_ CHAPTER VI. AND WE SAILED
O Johnny's gone to Baltimore
To dance upon that sanded floor.
O Johnny's gone for evermore;
I'll never see my John no more!
O Johnny's gone!
What shall I do?
A-way you. H-e-e l-o-o-o!
O Johnny's gone!
What shall I do?
Johnny's gone to Hilo.
--Old Hauling Song.
The taciturn secretary fumbled his way forward and delivered to Captain Mayo a little packet securely bound with tape.
"Orders from Mr. Marston that you take these ashore, yourself. They are important telegrams and he wants them hurried."
The master called his men to the dinghy, and they rowed him away through the fog. It was a touchy job, picking his way through that murk. He stood up, leaning forward holding to his taut tiller-ropes, and more by ears than his eyes directed his course. A few of the anchored craft, knowing that they were in the harbor roadway, clanged their bells lazily once in a while. Yacht tenders were making their rounds, carrying parties who were paying and returning calls, and these boats were avoiding each other by loud hails.
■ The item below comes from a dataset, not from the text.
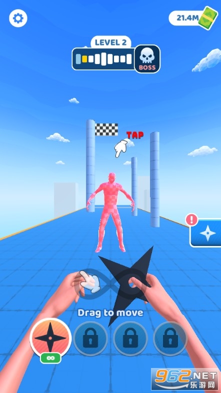 《忍者砍击Ninja Slash》是一款忍者投掷飞镖杀死敌人的闯关冒险游戏,成为忍者大师,手持飞镖并精准投掷,干掉所有敌人,清除路上的障碍物,不必担心我们手中的飞镖是无限的,所以大家可以尽情的去投掷,但是大家要注意把控自己与敌人之间的距离,不要让敌人攻击到你。
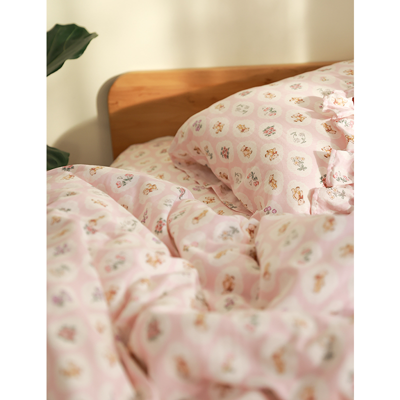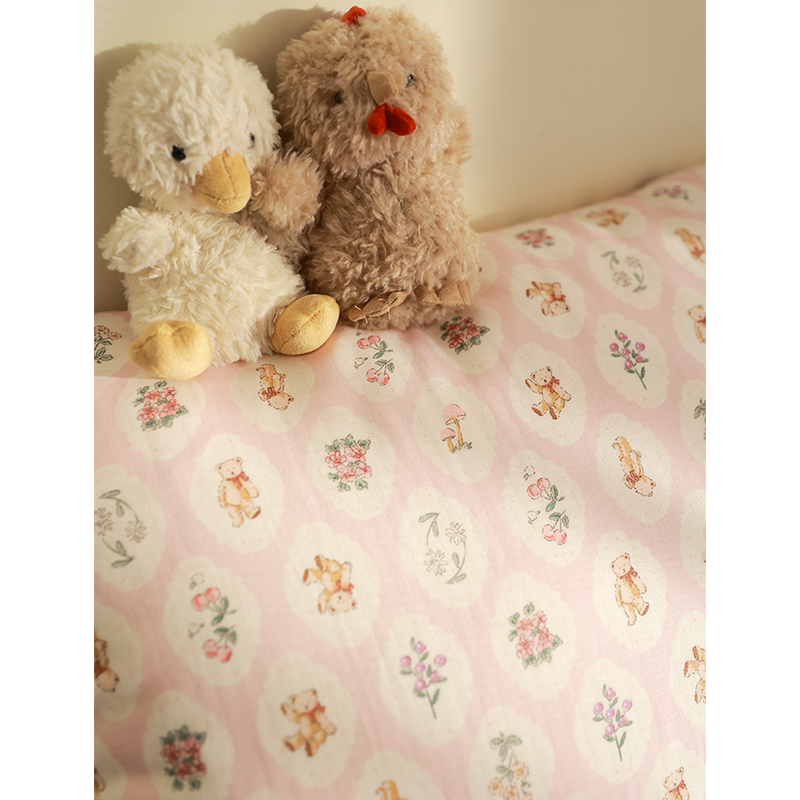 MLG 花熊日记卡通趣味纯棉双层纱布花边枕可爱床单床笠枕套被套

Small objects loomed largely and little sounds were accentuated.
The far voice of an unseen joker announced that he could find his way through the fog all right, but was afraid he had not strength enough to push his boat through it.
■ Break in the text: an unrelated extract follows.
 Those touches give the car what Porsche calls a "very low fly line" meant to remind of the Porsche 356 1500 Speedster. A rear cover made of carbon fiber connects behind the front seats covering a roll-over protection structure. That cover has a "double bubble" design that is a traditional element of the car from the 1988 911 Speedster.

But Mayo knew his waters in that harbor, and found his way to the wharf. His real difficulties confronted him at the village telegraph office. The visiting yachtsmen had flooded the place with messages, and the flustered young woman was in a condition nearly resembling hysteria. She was defiantly declaring that she would not accept any more telegrams. Instead of setting at work upon those already filed she was spending her time explaining her limitations to later arrivals.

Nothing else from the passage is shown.